Adjacent to the check valve 10, a spacer 18 and a sealing plug 19 are installed in the interior 13 of the pressure screw 20. The aforementioned structural component parts are secured inside the pressure screw 20 by a locking screw 12. Accordingly, in contrast to the construction of the apparatus 4 according to the present invention, all of the structural component parts (with the exception of the pressure screw 20 itself) are installed in a pressure screw in the apparatus 9 according to the prior art.

Since the soft iron sealing ring 11 has very high wear, it must be replaced very often. In this connection, it has proven disadvantageous for servicing a gas engine with an apparatus 9 according to the prior art that the soft iron sealing ring 11 is located at the lowest and therefore least accessible point in the pressure screw 20.

In the apparatus according to the invention, disk springs 2 are installed instead of a soft iron sealing ring 11. These disk springs 2 are not only less prone to wear but are also installed at a quickly accessible location, namely, in the front of the valve sleeve 3. Servicing of a gas engine 21 outfitted with an apparatus 4 according to the invention is therefore substantially simpler to carry out.

FIG. 3 shows a partial region of a gas engine 21 outfitted with an apparatus 4 according to the invention. The apparatus 4 is located in a gas line 28 which leads to the prechamber 22. A main combustion chamber 24 with a piston 26 is arranged adjacent to the prechamber 22. Further, a spark plug 25 and a prechamber holder 23 are shown above the prechamber 22, and valves 27 of the gas engine 21 are located on both sides of the prechamber 22. The check valve 1 ensures that no combustion products from the prechamber and no fuel gas compressed during the compression stroke of the piston 26 can flow back into the gas line 28.

Thus, while there have shown and described and pointed out fundamental novel features of the invention as applied to a preferred embodiment thereof, it will be understood that various omissions and substitutions and changes in the form and details of the devices illustrated, and in their operation, may be made by those skilled in the art without departing from the spirit of the invention. For example, it is expressly intended that all combinations of those elements and/or method steps which perform substantially the same function in substantially the same way to achieve the same results are within the scope of the invention. Moreover, it should be recognized that structures and/or elements and/or method steps shown and/or described in connection with any disclosed form or embodiment of the invention may be incorporated in any other disclosed or described or suggested form or embodiment as a general matter of design choice.

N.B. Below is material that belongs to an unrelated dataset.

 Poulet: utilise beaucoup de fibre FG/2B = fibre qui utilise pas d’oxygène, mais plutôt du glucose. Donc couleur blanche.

It is the intention, therefore, to be limited only as indicated by the scope of the claims appended hereto.

Claims

1. An apparatus for a controlled release of a flow cross section of a gas line connected to a combustion chamber of a gas engine, comprising:

a check valve; and

a flexible device for absorbing a force occurring as a result of a thermal expansion of the check valve.

2. The apparatus according to claim 1, wherein the flexible device includes a disk spring device.

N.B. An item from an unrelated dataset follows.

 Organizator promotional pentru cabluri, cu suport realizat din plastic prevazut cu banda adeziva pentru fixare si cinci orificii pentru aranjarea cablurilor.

3. The apparatus according to claim 1, wherein the flexible device is arranged on a side remote from the combustion chamber with respect to the check valve.

4. The apparatus according to claim 1, further comprising:

a valve sleeve including a bore, wherein the check valve and the flexible device are arranged in the bore.

5. The apparatus according to claim 4, further comprising:

a locking screw arranged in the valve sleeve and by which the check valve is detachably fastened in the valve sleeve; wherein the flexible device is arranged between the locking screw and the check valve.

6. The apparatus according to claim 4, further comprising:

a pressure screw for detachably securing the valve sleeve adjacent to the combustion chamber.

7. The apparatus according to claim 1, further comprising:

a spacer sleeve arranged between the flexible device and the check valve.

8. The apparatus according to claim 7, further comprising:

a diaphragm arranged between the flexible device and the spacer sleeve.

9. A gas engine system, comprising:

a gas engine including at least one prechamber; and

an apparatus according to claim 1 and arranged in a gas line connected to the prechamber.